Instructions to follow >> Leave out pictures; repeat exactly the lines from the "Gróf Apponyi Albert" line through the last of the data below.

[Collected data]

· · ·

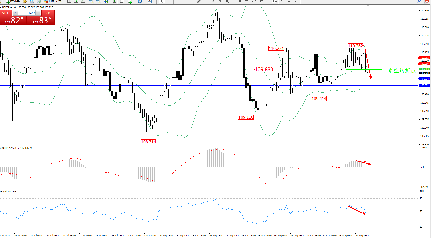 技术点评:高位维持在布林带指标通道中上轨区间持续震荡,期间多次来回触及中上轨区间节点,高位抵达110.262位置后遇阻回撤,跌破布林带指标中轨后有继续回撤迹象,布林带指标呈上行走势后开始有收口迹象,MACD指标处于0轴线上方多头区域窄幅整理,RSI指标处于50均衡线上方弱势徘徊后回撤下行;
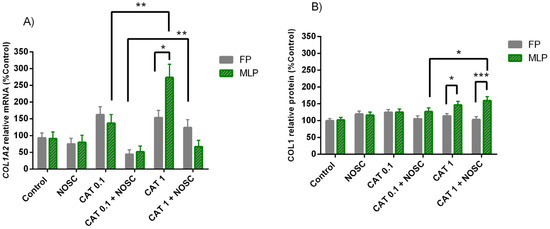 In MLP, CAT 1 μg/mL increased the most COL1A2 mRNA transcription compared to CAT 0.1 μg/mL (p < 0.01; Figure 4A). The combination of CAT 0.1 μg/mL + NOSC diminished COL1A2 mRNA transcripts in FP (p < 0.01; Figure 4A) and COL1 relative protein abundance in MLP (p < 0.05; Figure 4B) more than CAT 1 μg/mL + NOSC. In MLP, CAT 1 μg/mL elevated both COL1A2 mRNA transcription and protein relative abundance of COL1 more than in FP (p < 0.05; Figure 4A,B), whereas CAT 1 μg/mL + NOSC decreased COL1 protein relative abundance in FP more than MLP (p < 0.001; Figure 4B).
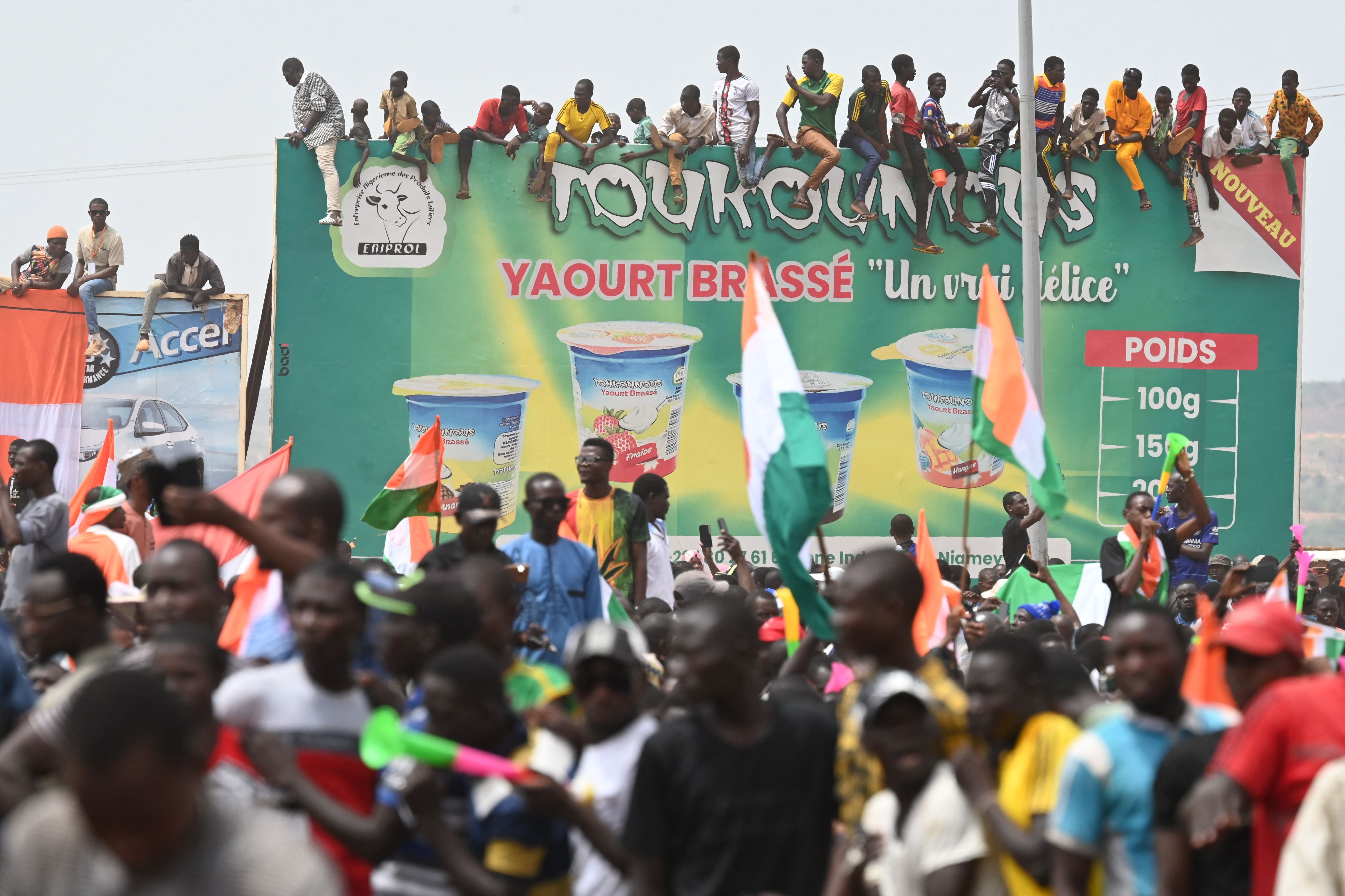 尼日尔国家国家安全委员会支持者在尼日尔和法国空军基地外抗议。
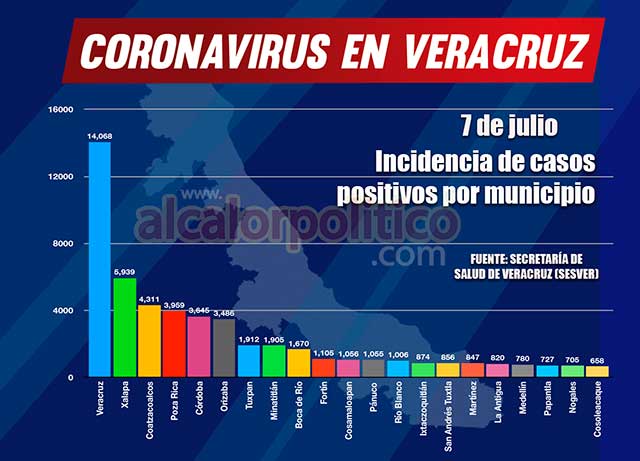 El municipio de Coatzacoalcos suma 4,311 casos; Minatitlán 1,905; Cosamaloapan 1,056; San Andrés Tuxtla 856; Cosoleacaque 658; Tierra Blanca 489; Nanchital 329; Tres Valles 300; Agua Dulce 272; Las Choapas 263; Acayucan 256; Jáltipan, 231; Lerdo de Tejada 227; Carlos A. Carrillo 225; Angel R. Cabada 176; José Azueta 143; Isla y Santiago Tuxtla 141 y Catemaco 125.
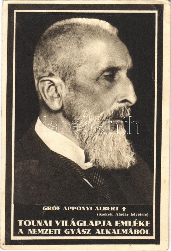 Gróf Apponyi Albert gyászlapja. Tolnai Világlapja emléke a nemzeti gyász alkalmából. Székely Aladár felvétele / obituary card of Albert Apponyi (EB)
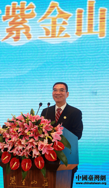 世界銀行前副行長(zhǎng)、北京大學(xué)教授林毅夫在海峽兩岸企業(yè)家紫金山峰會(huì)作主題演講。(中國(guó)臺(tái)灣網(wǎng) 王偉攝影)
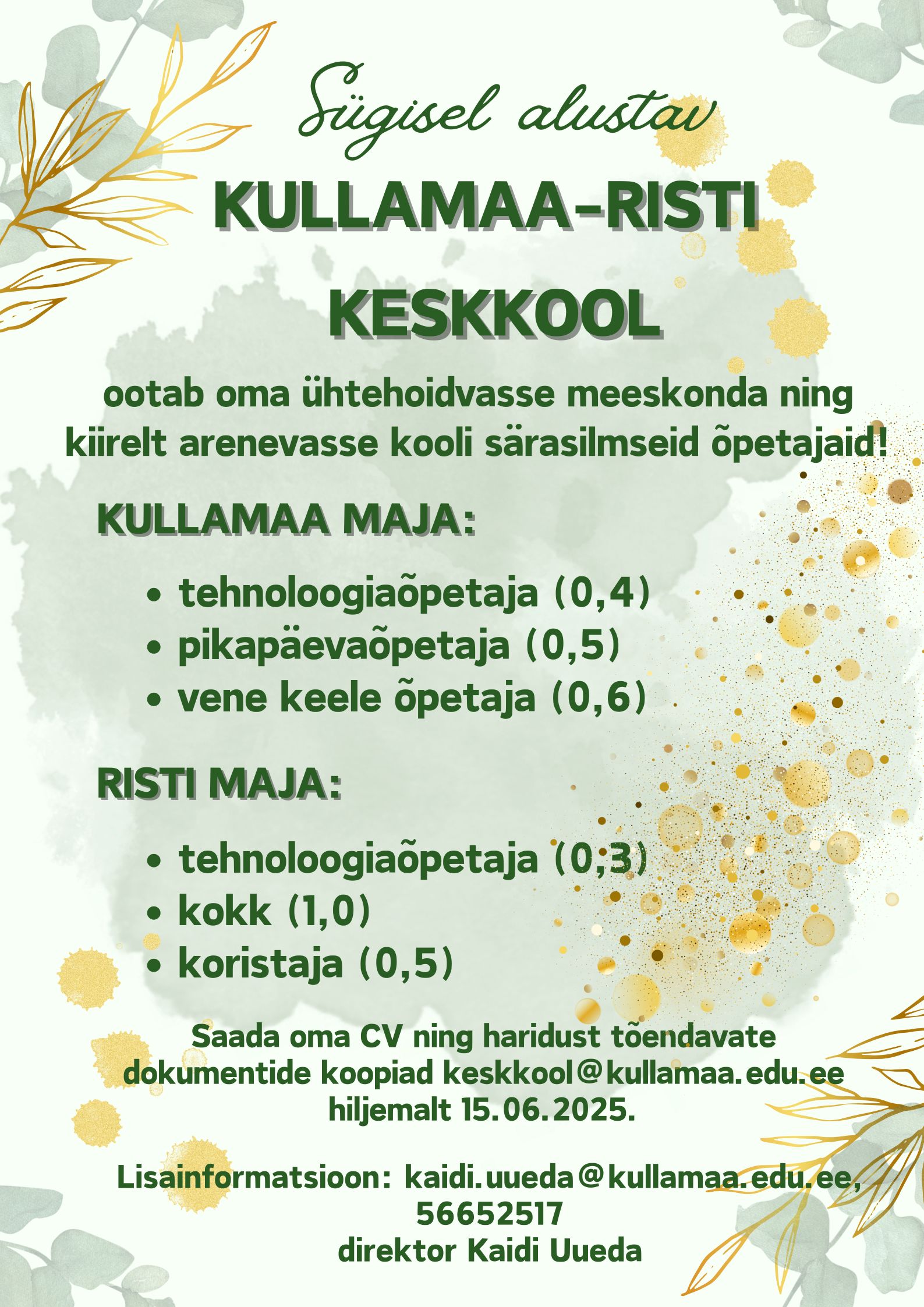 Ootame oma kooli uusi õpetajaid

· · ·

Solution to the problem >>
 Gróf Apponyi Albert gyászlapja. Tolnai Világlapja emléke a nemzeti gyász alkalmából. Székely Aladár felvétele / obituary card of Albert Apponyi (EB)
 世界銀行前副行長(zhǎng)、北京大學(xué)教授林毅夫在海峽兩岸企業(yè)家紫金山峰會(huì)作主題演講。(中國(guó)臺(tái)灣網(wǎng) 王偉攝影)
 Ootame oma kooli uusi õpetajaid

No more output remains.